_Problem statement_
Print the listing exactly as it stands. Skip every picture.

_Information supplied_
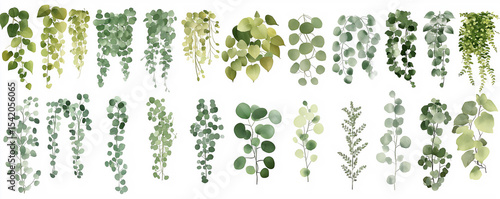 eucalyptus, leaf, greenery, foliage, botanical, hanging, trailing, plant, nature, green, fresh, round, nubes, leaf, collection, set, white, background, organic, vine, texture, soft, pastel, watercolor, arrangement, indoor, garden, potted, lush, floral, natural, stem, tropical, spring, summer, pattern, decor, minimal, botany, elegant, smooth, vibrant, aesthetic, design, leaflet, cluster, realistic
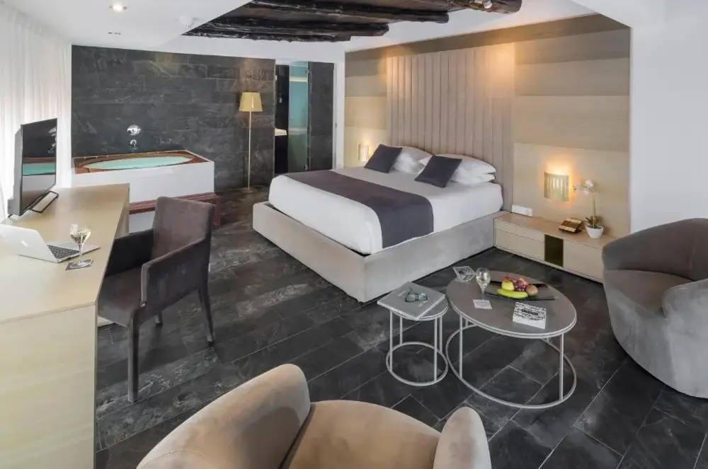 Hotel Boutique Ses Pitreras se encuentra ubicado en Valladolid 1, 07839 Bahía de San Antonio, España. Este establecimiento ofrece una amplia gama de servicios incluyendo restaurante, bar, piscina al aire libre y WiFi gratis. Las habitaciones disponen de té/cafetera y son no fumadoras, con opciones adicionales como habitaciones familiares. Los huéspedes pueden disfrutar de un desayuno maravilloso y contar con transporte desde el aeropuerto. Cerca del hotel hay varios puntos interesantes como Ibosim Obrador de Cerveza Artesana a 250 metros, Bar Piraña a 1,2 km y Playa de Pinet a 1,7 km. Además, Magon está situado a solo 30 metros del alojamiento.
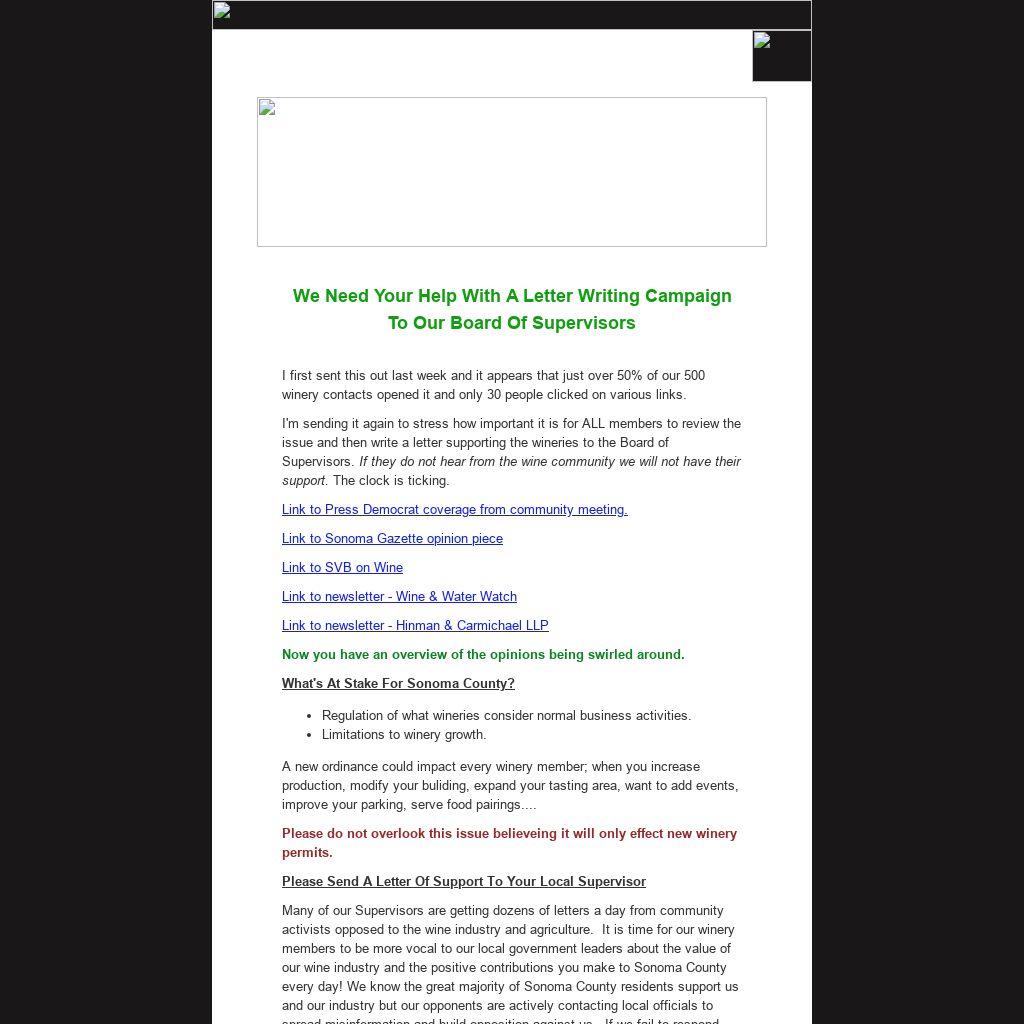 Many of our Supervisors are getting dozens of letters a day from community activists opposed to the wine industry and agriculture. It is time for our winery members to be more vocal to our local government leaders about the value of our wine industry and the positive contributions you make to Sonoma County every day! We know the great majority of Sonoma County residents support us and our industry but our opponents are actively contacting local officials to spread misinformation and build opposition against us. If we fail to respond and inform, we run the risk of having their lies become facts in the eyes of key decision makers. In this critical time and debate over the preservation of agriculture and winery event permitting in our county, it's crucial that our local government leaders here from us.

_Answer space_
 eucalyptus, leaf, greenery, foliage, botanical, hanging, trailing, plant, nature, green, fresh, round, nubes, leaf, collection, set, white, background, organic, vine, texture, soft, pastel, watercolor, arrangement, indoor, garden, potted, lush, floral, natural, stem, tropical, spring, summer, pattern, decor, minimal, botany, elegant, smooth, vibrant, aesthetic, design, leaflet, cluster, realistic
 Hotel Boutique Ses Pitreras se encuentra ubicado en Valladolid 1, 07839 Bahía de San Antonio, España. Este establecimiento ofrece una amplia gama de servicios incluyendo restaurante, bar, piscina al aire libre y WiFi gratis. Las habitaciones disponen de té/cafetera y son no fumadoras, con opciones adicionales como habitaciones familiares. Los huéspedes pueden disfrutar de un desayuno maravilloso y contar con transporte desde el aeropuerto. Cerca del hotel hay varios puntos interesantes como Ibosim Obrador de Cerveza Artesana a 250 metros, Bar Piraña a 1,2 km y Playa de Pinet a 1,7 km. Además, Magon está situado a solo 30 metros del alojamiento.
 Many of our Supervisors are getting dozens of letters a day from community activists opposed to the wine industry and agriculture. It is time for our winery members to be more vocal to our local government leaders about the value of our wine industry and the positive contributions you make to Sonoma County every day! We know the great majority of Sonoma County residents support us and our industry but our opponents are actively contacting local officials to spread misinformation and build opposition against us. If we fail to respond and inform, we run the risk of having their lies become facts in the eyes of key decision makers. In this critical time and debate over the preservation of agriculture and winery event permitting in our county, it's crucial that our local government leaders here from us.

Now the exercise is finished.